Natural Language Processing

Natural Language Processing (NLP) is the subfield of machine learning that works with human language data. The nlp module contains four classes that help to convert raw text to meaningful numeric values, ready to be ingested by a model. ATOM uses the nltk library for the majority of its NLP processes.

The text documents are expected to be provided in a column of the dataframe named corpus (the name is case-insensitive).
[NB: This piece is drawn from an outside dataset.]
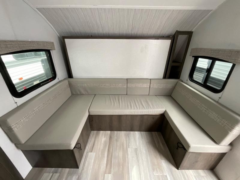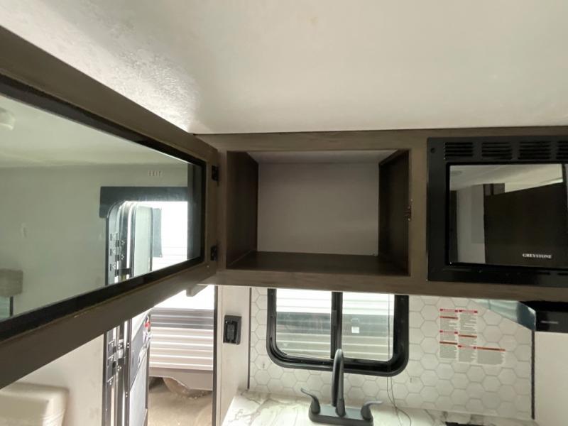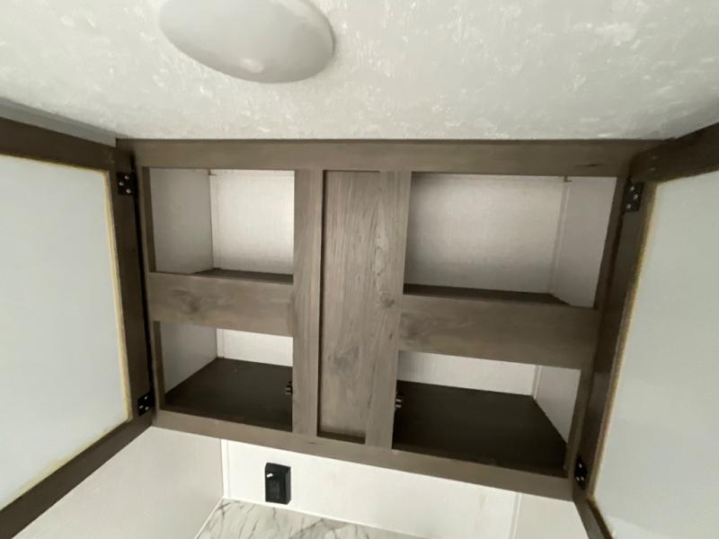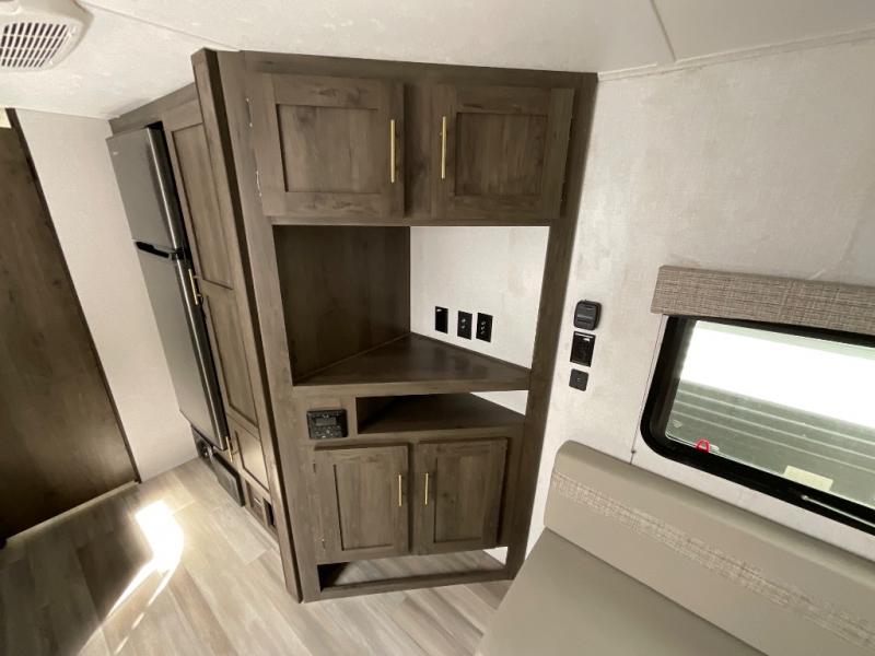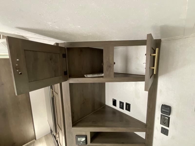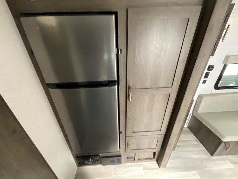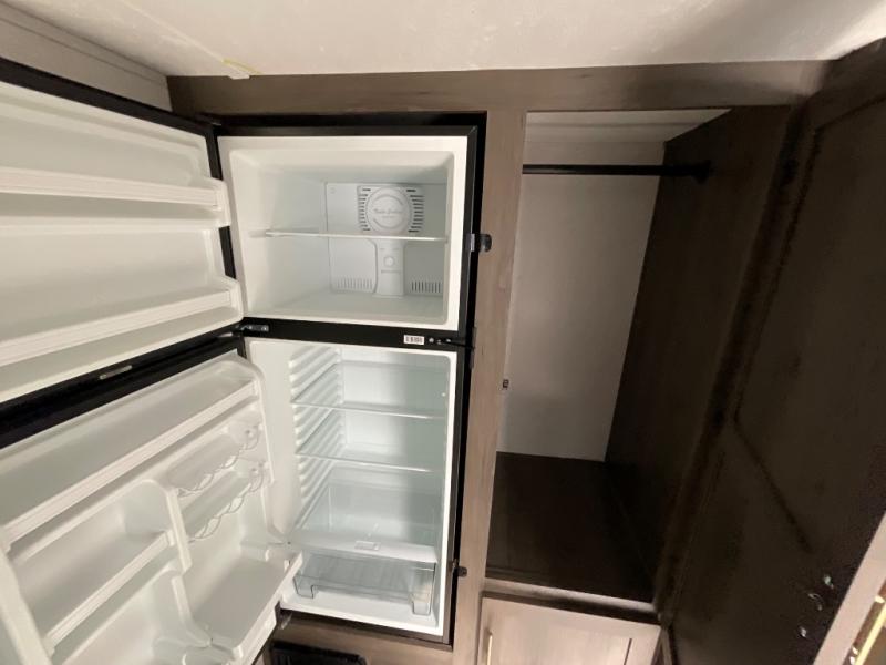 Camping in this single-axle will just feel right with its full bath, comfortable sleeping space, and plenty of storage space for your belongings. Each morning you can fold up the Murphy bed so you can enjoy breakfast around the U-shaped dinette, then freshen up in the full bath before heading out for the day. There is a 7 cu. ft. gas/electric refrigerator and a pantry for store your food for the weekend, and a front wardrobe by the bed to keep your clothes in order. This model also incudes an entertainment center where you can add an optional fireplace!

Only the corpus is changed by the transformers, leaving the rest of the columns as is. This mechanism allows atom to combine datasets containing a text corpus with other non-text features. If an array is provided as input, it should consist of only one feature containing the text (one document per row). ATOM will then automatically convert the array to a dataframe with the desired column name. Documents are expected to be strings or sequences of words. Click here for an example using text data.

Note

All of atom's NLP methods automatically adopt the relevant transformer attributes (verbose, logger) from atom. A different choice can be added as parameter to the method call, e.g. atom.tokenize(verbose=0).

Info

ATOM doesn't do topic modelling! The module's goal is to help process text documents into features that can be used for supervised learning.

Text cleaning

Text data is rarely clean. Whether it's scraped from a website or inferred from paper documents, it's always populated with irrelevant information for the model, such as email addresses, HTML tags, numbers or punctuation marks. Use the TextCleaner class to clean the corpus from such noise. It can be accessed from atom through the textclean method. Use the class' parameters to choose which transformations to perform. The available steps are:

Decode unicode characters to their ascii representations.
Convert all characters to lower case.
Drop email addresses from the text.
Drop URL links from the text.
Drop HTML tags from the text.
Drop emojis from the text.
Drop numbers from the text.
Drop punctuations from the text.

Tokenization

Some text processing algorithms, like stemming or lemmatization, require the corpus to be made out of tokens, instead of strings, in order to know what to consider as words. Tokenization is used to achieve this. It separates every document into a sequence of smaller units. In this case, the words.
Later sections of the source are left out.